Grabell and Knight (2009) suggest that in addition to having risk factors, it is likely that juveniles who have committed sexual offenses lack protective factors—such as emotional support and social competence—to buffer against risk in early experience. Future research should consider the complex relationships between these risk and protective factors in the development of sexually abusive behavior.

Typologies

Typology research undertaken to date has primarily differentiated subtypes of juveniles who have committed sexual offenses based on victim age, delinquent history, and personality characteristics. This section focuses on research as it relates to these dimensions.       
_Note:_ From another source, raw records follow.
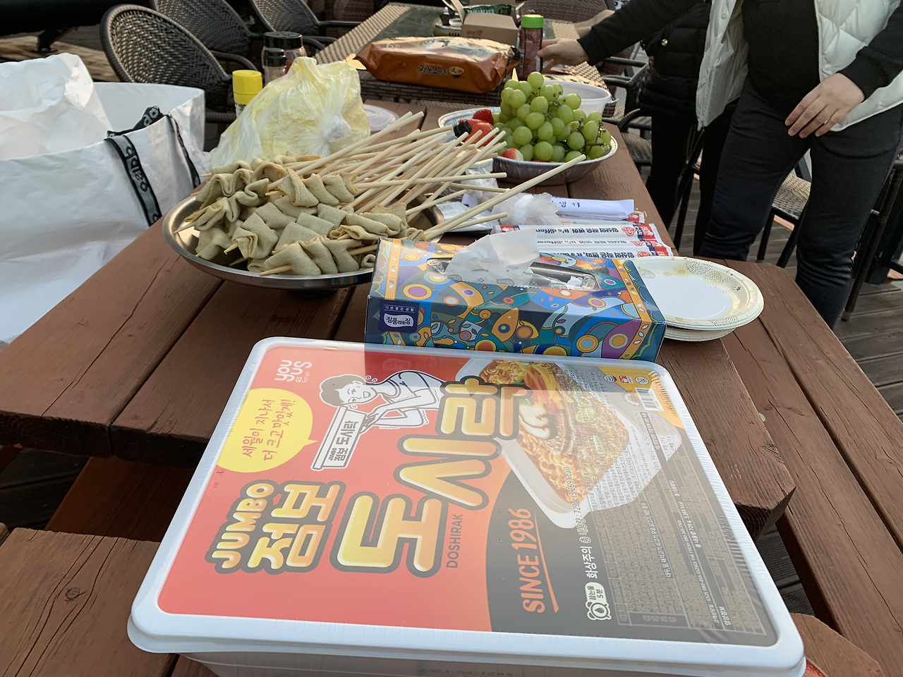 골프연습장은 가 본 적이 있지만 골프장은 태어나 처음이었다. 들어가진 않았지만 골프장이 바로 보이는 곳에 모임 장소가 있었다. 양고기도 처음 먹었다. 오래전 음식점에서 한점 먹어본 적은 있지만 뼈째로 먹은 건 처음이었다. 질길 거라고 생각했는데 굉장히 부드러웠다. 하나가 적정량이긴 했다. 부인들은 어묵과 우동, 라면을 끓이며 이야기를 나누고, 남편들은 고기를 구우며 석쇠 옆에 옹기종기 모여 있었다. 5시경부터 계속 쉴 틈 없이 먹었더니 배가 너무 불렀다. 추운데 앉아 먹으니 계속 들어가는 모양이다. 하루 종일 먹을 걸 잠깐 사이에 먹은 느낌이었다. 4도의 기온(냉장실 온도)에 몇 시간 밖에 있으니 아무것도 하지 않았는데도 굉장히 피곤했다.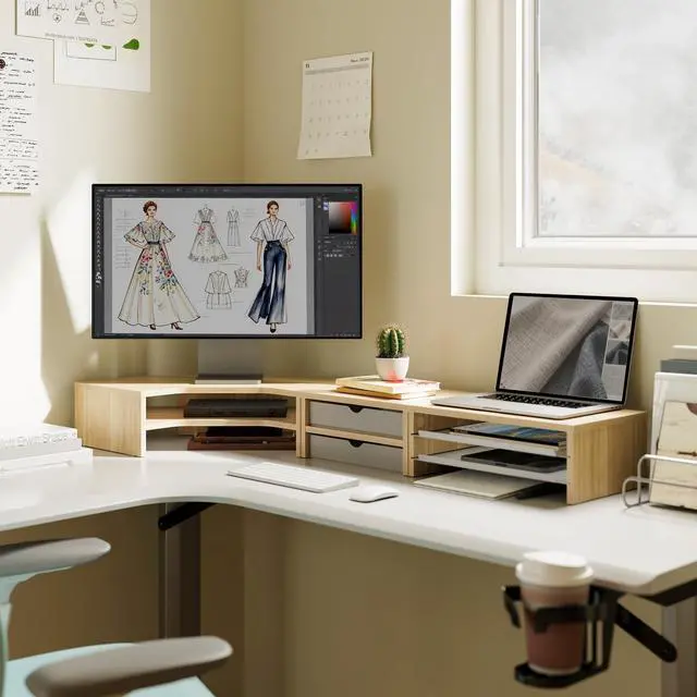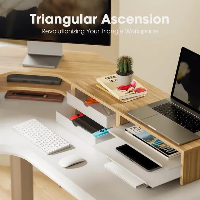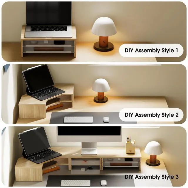 Limitless DIY Configurations: Fenge corner monitor stand modular system offers 6 flexible layouts. Freely assemble 3-unit into a monitor riser, a desk shelf or a corner desk organizer, The act of building it your way enhances ownership. The resulting organized, personalized triangle zone boosts efficiency for work, hobbies, and creative projects, helping you build a better, more inspired self.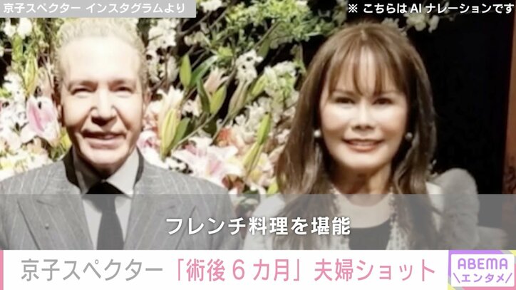 “乳がん公表”デーブ・スペクターの妻 京子スペクター「術後6カ月」夫婦ショット公開 ABEMAエンタメ 2025/04/11 11:49 拡大する 乳がんを公表していたデーブ・スペクターの妻でエッセイストの京子スペクターが、「術後6カ月」とコメントし、夫婦ショットを公開した。 3月5日、テレビ朝日系のトーク番組『徹子の部屋』に夫婦で出演した京子。2024年に乳がんを発症し、両胸の摘出手術を受けたことを明かしており、退院日にはデーブが医者のコスプレで出迎えてくれたという。 Instagramでは、番組で語っていた医者のコスプレをしたデーブの写真や、東京ドームで開催されたロサンゼルス・ドジャース対シカゴ・カブスの試合を観戦している様子など、仲むつまじい夫婦ショットを公開している。6日の投稿では、「術後6カ月、快気祝いにデーブからのサプライズ。ホテルニューオータニ東京にあるトゥールダルジャンにてフレンチ料理を堪能」と、デーブとの写真を添えて、夫婦時間を満喫したことを明かした。 続きを読む

Subtypes Based on Victim Age

Awad and Saunders (1991) found that the majority of adolescents who sexually offended against females their age or older were recidivists, had a history of antisocial behavior predating and coinciding with their sexual offenses, and came from a disturbed family background. Adolescents who sexually assaulted peer or older females were less likely to be socially isolated than those who offended against children and more likely to socialize with older peers than a comparison group of delinquents. Alcohol and drugs were not found to play a prominent role in the adolescents who sexually victimized peer or older females. Sexually deviant impulses and antisocial traits were found to be motivating factors for the majority of these youth.      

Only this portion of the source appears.